Anthropic affirme que des acteurs liés à la Chine continentale ont utilisé Claude pour la surveillance et la répression transnationale

12 septembre 2026. Le rapport de renseignement sur les menaces publié en septembre par Anthropic indique que l’entreprise a identifié et interrompu plusieurs opérations dans lesquelles des acteurs situés en Chine continentale ou évalués comme liés à des organismes étatiques de Chine continentale utilisaient Claude pour soutenir la surveillance, le profilage politique et la répression transnationale.

Anthropic décrit notamment un groupe associé à des organes locaux de sécurité publique et de sécurité d’État qui aurait utilisé Claude pour des activités dites de « maintien de la stabilité », y compris la préparation de rapports sur des dissidents à l’étranger, des figures démocratiques de Hong Kong, des organisateurs de commémorations du 4 juin, des organisations ouïghoures et des institutions de défense des droits humains.

L’entreprise décrit aussi une autre opération basée en Chine continentale qui produisait des notes au format gouvernemental classant des dissidents, des minorités ethniques et communautés de diaspora, des organisations religieuses, des responsables politiques de la République de Chine à Taiwan, ainsi que des militants syndicaux et étudiants et des médias étrangers.

Anthropic indique également qu’une opération de renseignement sur les affaires religieuses ciblait des communautés catholiques, bouddhistes tibétaines, Falun Gong et chrétiennes de Taiwan. Les comptes concernés ont été interdits et des indicateurs ont été partagés, lorsque cela était approprié, avec les autorités ou des partenaires du secteur.

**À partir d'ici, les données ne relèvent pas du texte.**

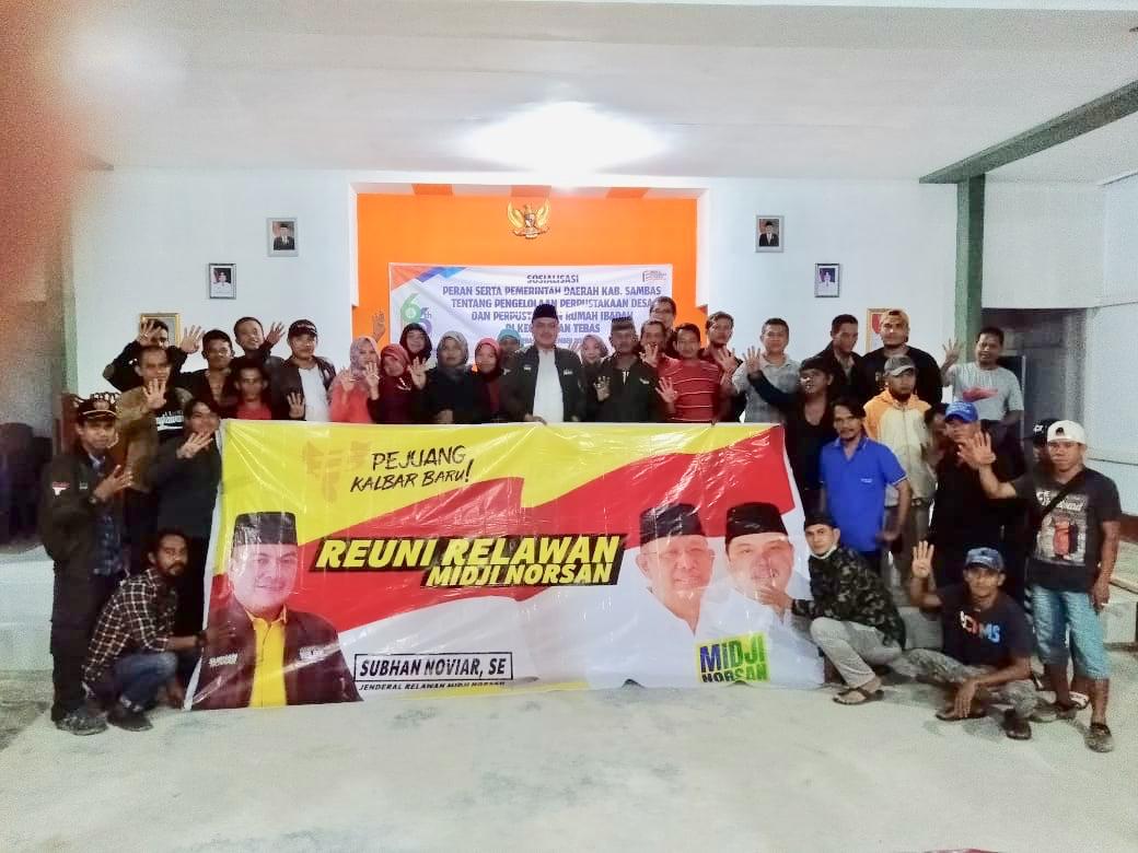 Reuni Relawan Midji Norsan ini diinisasi oleh Subhan Noviar, SE yang bertujuan untuk mendata kembali kondisi lapangan-yang nantinya-dari data tersebut akan diperoleh prioritas pembangunan di daerah tersebut.

Reuters a rapporté le 11 septembre que le rapport plus large couvrait aussi des tentatives d’abus liées aux cyberopérations, à la recherche sur les armes, aux opérations d’influence, à la fraude et à la distillation illicite de modèles.

Limites de l’attribution

Ces conclusions sont des évaluations de renseignement sur les menaces d’Anthropic, et non des décisions judiciaires. Le niveau de confiance de l’attribution varie selon les groupes; certaines activités sont évaluées comme le travail de sous-traitants pour des clients liés au gouvernement plutôt que comme une opération directement menée par un organe d’État. Le rapport public n’établit pas non plus que chaque cible identifiée a effectivement subi un préjudice.